Dalam operasi yang dijuluki “Biur Chametz,” hampir 2.300 perwira dan “relawan,” dibantu oleh angkatan udara Israel, telah menyerbu puluhan lokasi di Israel sejak Sabtu pekan lalu.
Dari 569 yang ditangkap, 468 adalah buruh Palestina yang bekerja di Israel tanpa izin, 17 dituduh menyembunyikan pekerja, 24 orang diduga mengangkut dan delapan orang diduga bekerja.

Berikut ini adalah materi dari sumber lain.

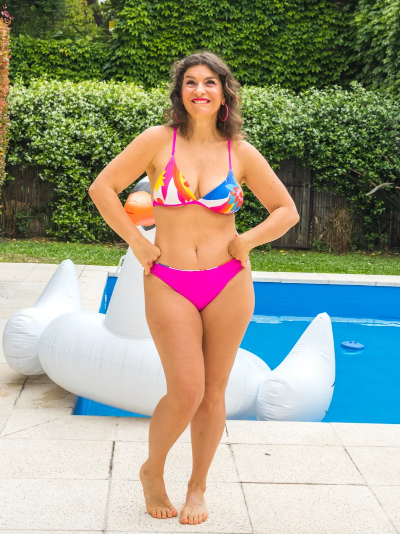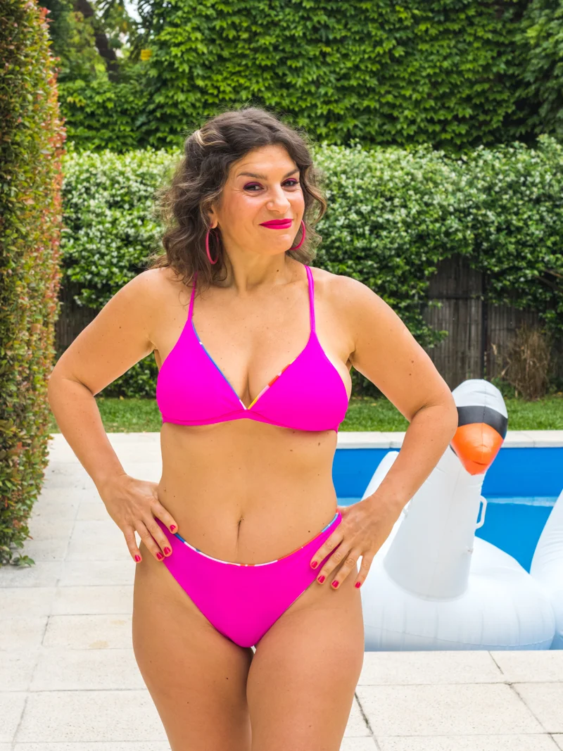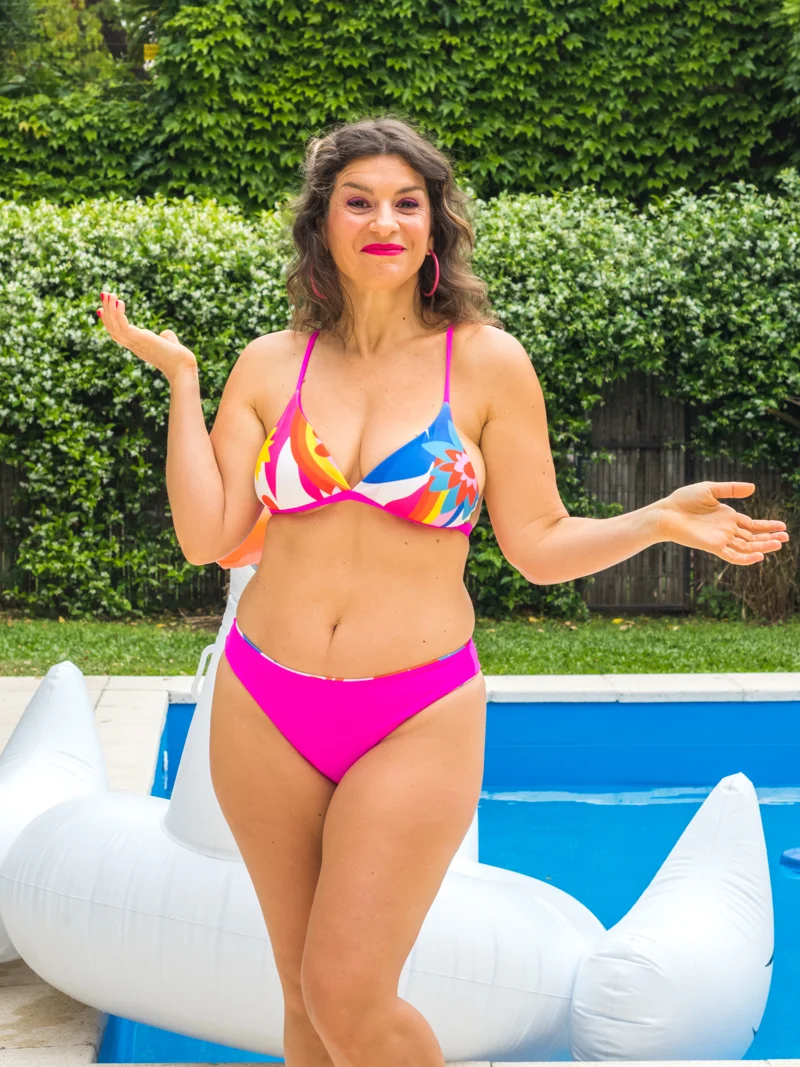 Vedetina reversible. Corte clasico, tiro medio. (Observacion: las prendas reversibles son un poco mas amplias y ajustan menos que las que no lo son) – Estampa multicolor, con flores, mariposas y arco iris. Realizada con la colaboracion de Dalia @daliagutmann, inspirada en su esencia colorida y alegre. (Observacion: las prendas reversibles son con fucsia – Tangsi)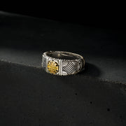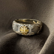 Alexander Golden Cross Woven Crest Ring - 18k Gold & Sterling Silver - Cigar Band Ring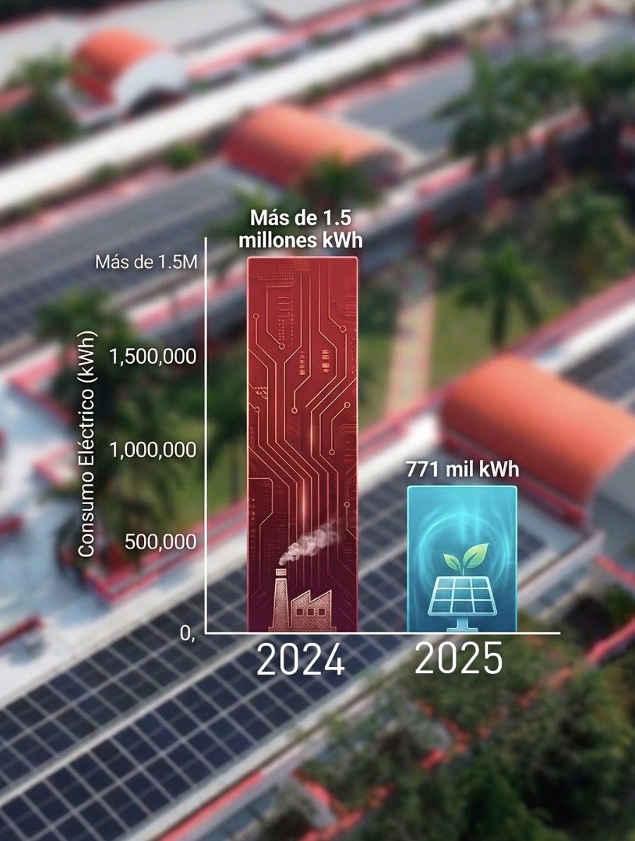 El gasto en energía pasó de 970 millones de pesos en 2024 a 349 millones en 2025, lo que representa un ahorro cercano a 620 millones de pesos en el primer año.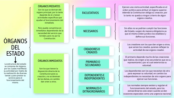 Son los que se derivan del organo principal, por lo tanto depende de el y tienen actividades especificas que ayudan al funcionamiento del inmediato. Pero puede convertirse en inmediatos dependiendo de la necesidad del servicio que brinden, pero no por la Constitución.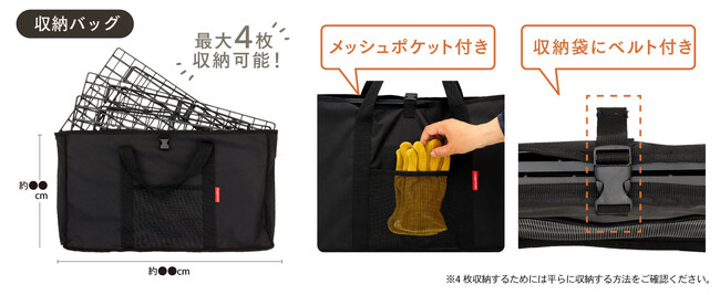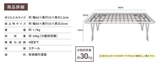 2枚重ねると脚が枠内に収まるのでコンパクトに収納出来ます。また奥行約35cmでテント内にも置けるちょうどいいサイズ!※専用バッグ付きも販売中

“Operasi ini akan terus berlanjut selama diperlukan di berbagai bidang, sebagai bagian dari keamanan untuk mencegah insiden terjadi,” kata Micky Rosenfeld, seorang juru bicara polisi Israel.
Aktivis hak telah mengecam operasi untuk kedua tindakan keras pada pekerja tidak berdokumen.
Sebuah LSM yang didedikasikan untuk hak-hak hukum Palestina di Israel, mengatakan dalam sebuah pernyataan pada hari Selasa kemarin, “Memang, ini adalah pembersihan etnis.”
“Orang-orang Palestina ini tidak memiliki niat untuk menyakiti siapa pun namun polisi memperlakukan mereka seperti penjahat yang harus ditangkap, bukan karena kesalahan mereka sendiri,” kata Sejati.
Pasukan Israel biasanya mengintensifkan tindakan keras terhadap warga Palestina sebelum dan selama hari libur Yahudi, termasuk penangkapan besar-besaran dan penutupan penyeberangan ke wilayah-wilayah pendudukan.
Pada Kamis, sehari sebelum Paskah Yahudi, pasukan Israel akan menutup penyeberangan dari Tepi Barat dan Jalur Gaza selama delapan hari, kantor berita Palestina Wafa melaporkan.
Menurut Koordinator Pemerintahan Pemerintah Israel di Wilayah (COGAT), 70.000 pekerja Palestina dengan izin menyeberang setiap hari ke Israel pada tahun 2017.
Polisi Israel secara teratur melakukan penggerebekan dengan menargetkan pekerja yang tidak berdokumen, serta warga Israel yang dicurigai mempekerjakan mereka dan merumahkan mereka.
Pada bulan Juli 2017, pasukan Israel menahan 98 orang Palestina selama operasi serupa terhadap pekerja yang tidak berdokumen.